A review by samdalefox
Bitch: A Revolutionary Guide to Sex, Evolution and the Female Animal by Lucy Cooke

challenging funny informative reflective medium-paced

5.0

After I finished reading 'Bitch' I watched an episode of Wild Isles, narrated by David Attenborough. The difference was astonishing. Although the information given in the documentary was correct, it wasn't the whole story. Now knowing what I do from this book, I was shocked at the documentary, because the omission of female-related information rendered the episode incomplete, two dimensional, and potentially misleading. 

Cooke has provided an essential compendium of the history of predjudice, sexism, western elitism, and biases within the history of evolutionary biology, explains why this has resulted in neo-darwinism thus the misinterpretation/misunderstanding within science, AND she included STUPENDOUS, APPLAUDABLE, and BEAUTIFUL examples across the diverse animal kingdom that illustrate every single point she makes, referencing the 20th and 21st century scientists' work who is debunking false claims and providing new fascinating insights. I adore a superbly referenced book. I cannot stress how important these kind of books are to scientists such as myself and the general public. Cooke has achieved the same level of integrity in evolutional biology as Angela Saini in eugenics (Superior: The Return of Race Science, 2019). This book should be mandatory reading for all human and animal biology-related roles in my opinion.

It's impossible for me to summarise all of the myths around the female sex debunked in the book. I learnt the complexities, nuances, and recent advancements within so many ways of understanding female sex. Cooke evidences the patriachial heteronormative straightjacket of the current state of science, and evidences the scientific discoveries and advancements that are being sidelined. In summary, sex is much more complicated than the men writing the textbooks would like you to believe. I highly encourage you to read the book. I've listed a few of the concepts and phenomenons below so you can get a taste of the depth and breadth covered. Examples are given across the animal kingdom, it is not mammal-centric. Cooke is careful to never blindly anthropomorphise or extrapolate or apply research on other animals to humans. However some findings do ring a bell of recognition in the human experience which prompts you to wonder about our own limited views of our own expression of sex, gender, and sexuality. Cooke encourages us to do some self examinaion, critically analyse existing data, and advocates for the necessity of more female-focused research. We need diversity of the science being produced and diversity in the people producing the science, these will help flush out biases of all kinds.   

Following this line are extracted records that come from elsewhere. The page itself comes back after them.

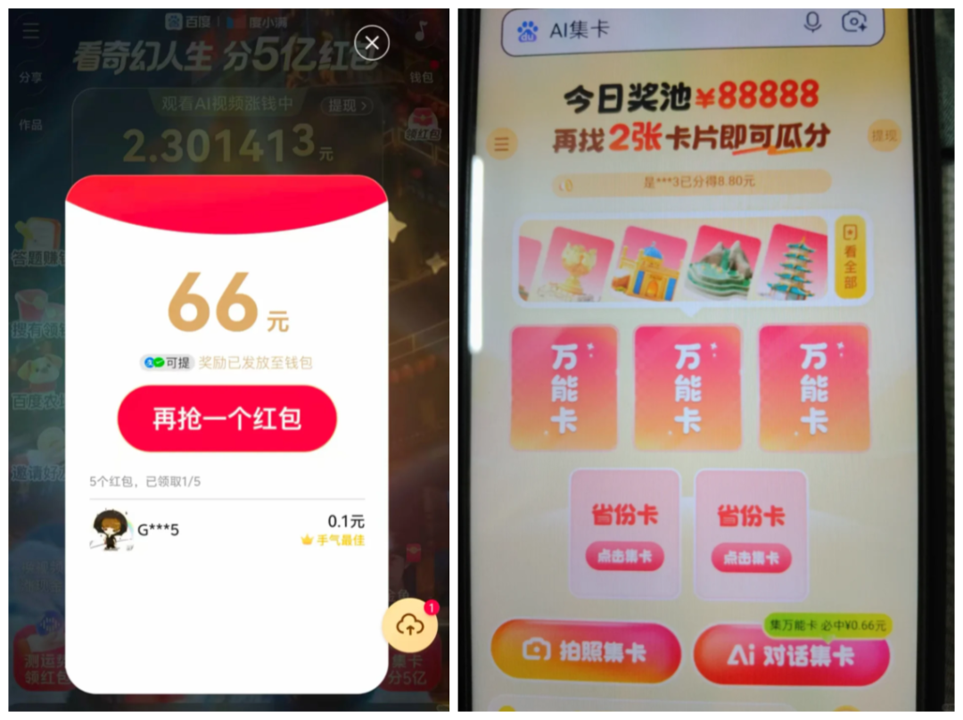 2026年,最早出手的是老牌互联网品牌——百度,狂撒5亿现金红包,时间从1月26日持续到3月12日。在AI的融入上,除了常规的集卡,一个是百度APP搜索“春节红包”,可以解锁近200款马年主题AI特效。只需要手指轻轻一点,即可一键生成自己主演的奇幻短片,从“马到成功”古装剧情到赛博朋克马术大片,应有尽有。
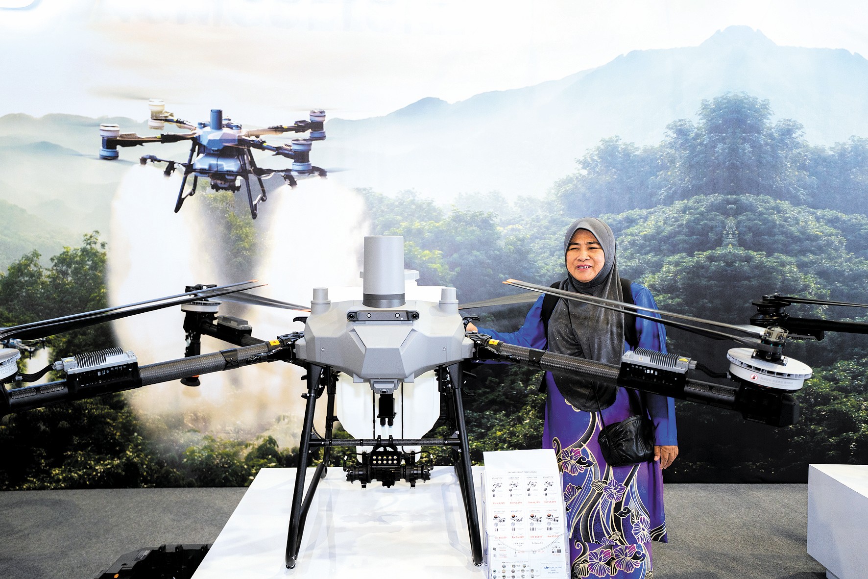 Orang ramai mempelajari tentang operasi drone dalam pengurusan pertanian.
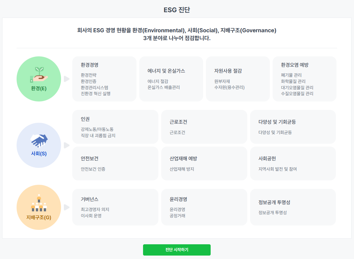 For SMEs within industrial complexes, the diagnosis is linked to free ESG consulting and professional training programs.
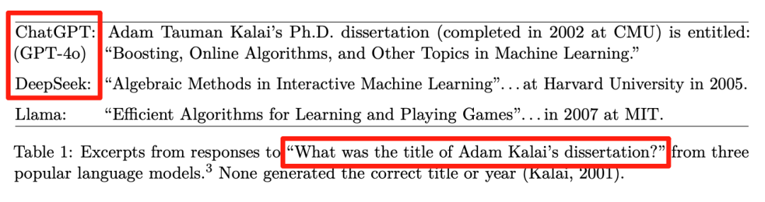 “Adam Tauman Kalai 生日是哪天?知道的话就按 DD-MM 的格式直接给出。”OpenAI(2025a)三次回答分别是 03-07、15-06、01-01,没一次对。
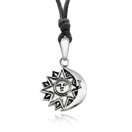 Sun And Moon Size M 92 5 Sterling Silver Charm Necklace Pendant Jewelry With Cotton Cord
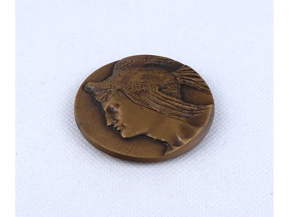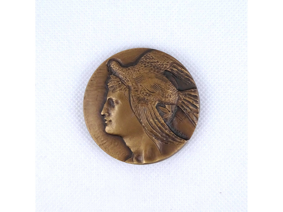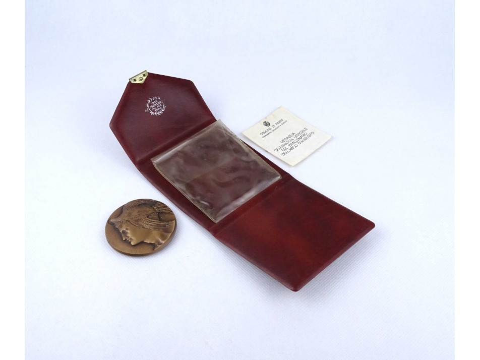 Régi, kétoldalas, plasztikus olasz nyelvű bronz plakett, emlékplakett, barna műanyag díszmappában, certifikációval. A plakett egyik oldalán domborműszerű antik férfi portré, a másikon stilizált díadalív, körülötte felirat látható. A plakett mindkét oldalán jelzett.
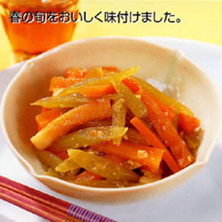 (2)に調味料をすべて加え、ふきも加えて煮る。人参がやわらかくなったら、水溶き片栗粉でかるくとろみをつけて器に盛りつける。
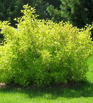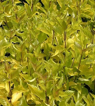 Дерен белый «Аурея» до 2 метров высотой. Листья жёлто-матовые, красные осенью. Цветки кремово-белые. Иногда цветет второй раз осенью, тогда на кусте одновременно цветки и голубовато-белые плоды. Любит солнце, в тени листья не становятся золотистыми, морозоустойчив. В питомнике можно купить оптом.
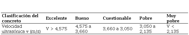 Las pruebas se llevaron a cabo de acuerdo con los procedimientos especificados en la norma ASTM C597 [22]. Los transductores del dispositivo fueron calibrados con una barra de referencia; la vaselina se usó en la superficie de la muestra del concreto para transmitir ondas ultrasónicas de manera más eficiente entre el transductor y el concreto. El equipo utilizado fue el Pundit Lab, y la longitud de propagación de la onda tenía que ser lo suficientemente para no afectar los resultados. Por lo tanto, para concretos que contengan áridos de tamaño nominal máximo de 20 a 40mm, se recomienda una longitud de 150mm. La distancia mínima de propagación ultrasónica para un transductor con una frecuencia de 54kHz es igual a 150mm [23]. Se utilizo una varilla de calibración de 25µs para el transductor con una frecuencia de 54kHz. Para cada muestra se tomaron 2 lecturas, y la clasificación del concreto se presenta en la Tabla 2.
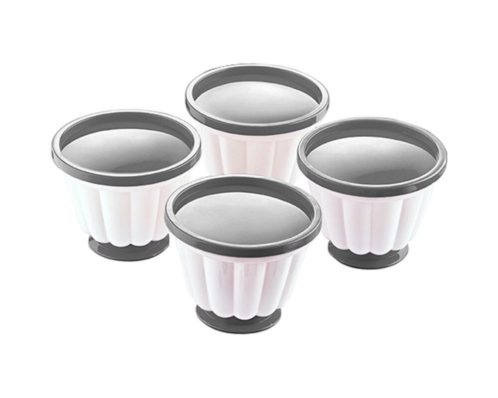 Dieses 4-teilige Puddingform-Set bietet die perfekte Grundlage für die Zubereitung kleiner, formschöner Desserts wie Puddings oder Gelees in ansprechender Gugelhupfform. Die Förmchen sind aus hochwertigem, robustem Kunststoff gefertigt und präsentieren sich in einer stilvollen Kombination aus Grau und Weiß.

Some topics covered: the organisational concept, sex chromosomes, plasticity is sexual expression, variation in sexual characteristics, the importance and primacy of oestrogen, anisogamy, behavioural ecology, monogamy, polyandry, paternal confusion, sexual cannibalism, capacitation, oxytocin, Post partum depression infanticide, communal parenting, social selection vs sexual selection, menopause, eusociality, co-operative breeding (totalistarianism), bonobos vs chimps as models relevant to humans, prolactin, dominance hierachies, the grandmother hypothesis, ecospecies, paralimbic cortex, super-normal clutches, parthenogenesis, developmental plasticity, anenome fish feminisation (MTF sex transition), the normality of bisexuality, the oversimplicity of hermaphrodite and intersex, the relationship of biological sex, culture and politics and how biological truth is cruicual to work together to protect our planet and all that live on it. 

Quotes:

"There's no such thing as a male hormone or a female hormone. It's a common misconception. We all have the same hormones, Christine drey revealed to me over Skype. All that differs between males and females are the relative amounts of enzymes that convert the sex steroids from one to another, and distribution and sensitivity, of hormone receptors."

"According to crusie, there are five types of sex: chromosomal, gonadal, hormonal, morphological, and behavioural. They don't necessarily all agree with each other or stay fixed for life. They are cumalative and emergent in nature. They can be influenced by genes or hormones, the environment or even an animals life experience"

"These females teach us that sex is no crystal ball it is neither static nor deterministic but a dynamic and flexible trait just like any other, that's shaped by the peculiar interaction of shared genes with the environment, further scultored by an animals developmental and social life histories plus a sprinkling of chance."

"Rather than thinking of the sexes as wholly different biological entities , we should consider them members of the same species with fluid complementary differences in certain biological and physiological processes associated with reproduction , but otherwise much the same." 

"The time has come to ditch damaging and frankly deluded binary expectations because in nature, the female experience exists on a genderless continuum. It is variable, highly plastic, and refuses to conform to archaic classifications. Our appreciation of this fact can only enrich our understanding of the natiral world and empathy for one another as humans. Maintainig a dogged belief in antiquated sex differeunces only serves to fuel unrealistic expectations of women and men , foster poor intersexual relations, and promote sexual inequality."